Currently, I’m working on a photography series with my grandfather. I visit his home and we film these “get-ready-with-me" inspired by those made by celebrities and influencers, where they get their makeup done while answering questions. In our version, I paint his face with childlike animal face paint and ask him questions about his childhood and younger years as a young adult.

Afterwards, we take photographs inside his home, which could be described as a traditional home of an older person. This setting with him in the childlike face paint (which is often associated with children on 17th of June, Independence Day) creates an uncanny contrast which I like to explore.

The inspiration for this series comes mainly from my curiosity about my grandfather's life and a desire to explore memories he wouldn't usually share. It's a way for me to ask the questions that I never got the opportunity—or perhaps the courage— to ask. Through this work, I'm using art as a means to get closer and to connect more with an important person  in my private life. The series is still on-going.

On-going Grandfather series. Kristín Helga Ríkharðsdóttir.

On-going Grandfather series. Kristín Helga Ríkharðsdóttir.

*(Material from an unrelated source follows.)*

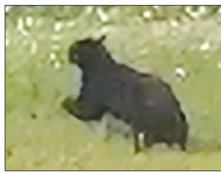
A bear crosses Interstate 94 a few miles west of Highway 67 on Monday evening.

A: By drawing inspiration from videos made for celebrities and influencers, would you say that your grandfather is a celebrity to you?

K: Yes, exactly. I also added him to one of my volcanic paintings. He is ever present in my work. 

A: Is there a distinction between your private life and art? 

K: Generally I am good at making a distinction between these things, I am not always talking about art to my friends. If I am in a specific mood, I can easily draw artistic inspiration from everywhere, but there is some separation. My mind can be completely closed off from an art mindset and then I just let things and inspiration pass me by.

A: What is your daily routine?

K: During periods when I’m fully focused on my art, my daily routine revolves around showing up at the studio and trying to accomplish as much as possible. I try not to waste studio time on tasks like replying to emails or being on my laptop—they feel like distractions from art making. In my opinion emails should be done over coffee in another space.

Exercising is also a key part of my routine. Physical exercising can boost my productivity and give me my imporant me-time. I try to structure my day around starting each day with a work out and getting to the studio right before noon. My favourite time to work on my art is around and afternoon, as that’s when my mind feels the most energized, awake and hyped. I don't function properly in the mornings anyway, so I would rather work until late than show up in the morning.

Routine is important, but as an artist, no day is the same, so I am used to my unpredictability and my routine changing, that sense of change can be exciting.  

A: What development have you seen in your works in regards to an ever changing world?

How do you predict future development?

K: I predict the future one scroll at a time. The internet serves as a space for me to observe and research what's happening in the world. Online, I can follow shifts in communal feelings and emotions shared by people all around the world. 

An interview with Kristín Ríkharðsdóttir.

An interview with Kristín Ríkharðsdóttir.